I’d thought a lot about it. When you lose someone tragically that you care about, much of the anguish comes from imagining their anguish during their final moments. So I gave JoAnn an edited version. But not edited much. I told her that the body is an amazing thing-it’s got lots of ways to conserve heat. When we’re exposed to cool water, small blood vessels near the skin’s surface automatically constrict to keep blood flow away from the outer tissues. That’s true of the entire body except for the brain, which needs unrestricted blood flow. Which is why the blood vessels of the head do not constrict and why heat is lost most quickly from the area of the head.
“So her first major organ affected,” I said, “was her brain. She probably got confused, then drowsy. More than likely, she just fell asleep. Once her core temp got below… I think it’s ninety-five degrees, once her core temperature got below that, her heartbeat would have become erratic, and then, finally, it would have stopped. But, like I said, she’d have been asleep by that time.”

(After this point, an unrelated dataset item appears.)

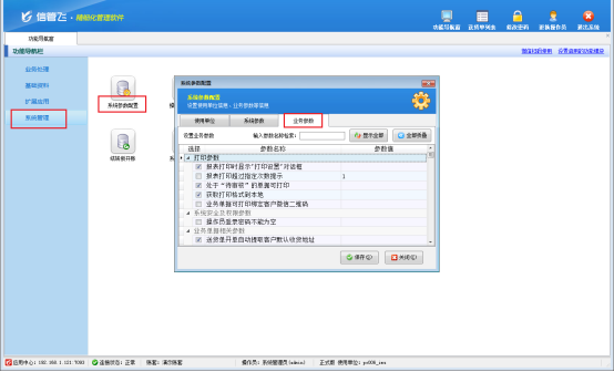 在功能導航窗點擊“系統(tǒng)管理”—》“系統(tǒng)參數(shù)配置”,點擊“業(yè)務參數(shù)”,在業(yè)務單據(jù)相關參數(shù)中勾選啟用“商品單位換算比率小數(shù)位數(shù)”參數(shù),并設置參數(shù)值,然后點擊“保存”按鈕保存參數(shù)配置,如下圖所示,設置商品單位換算比率小數(shù)保留5位顯示。

“So it wouldn’t have been that bad for her and the others?”
“No,” I lied. “Not that bad at all.”
We lay there in silence for a time. Beyond the canvas canopy I’d rigged to keep off the dew, I could see the black horizon lifting, pausing, then falling out of a black sky. I wondered as I’d wondered before: What had it been like for Janet? As I wrestled with all the horrible scenarios, Janet was there in memory, her pudgy, girlish face alive in my mind and her sensitive eyes, green and kind, looking directly into mine.
I remembered the smell of the musky perfume she sometimes wore. Remembered the distinctive cocoa-butter scent of body cream, and how, when she was excited or telling a joke, she punctuated her sentences by combing her fingers through her hair. I remembered that the first time Janet made me laugh, really laugh, was a couple of weeks after she’d been working in the lab, and she accidentally let it slip that she’d named each and every one of my fish. Janet had made me laugh many times after that, and she’d confided in me and encouraged me. She’d brought me little handmade presents at Christmas and dyed eggs with silly faces at Easter. In front of others, she’d slapped me on the ass at dock parties, and, when she knew I was stressed, she’d come quietly up behind me and massage the muscles of my neck and shoulders. Janet was a good woman, and she had been a good and true friend.
I thought that JoAnn had drifted off to sleep when, suddenly, she spoke again. “Do you hear it?”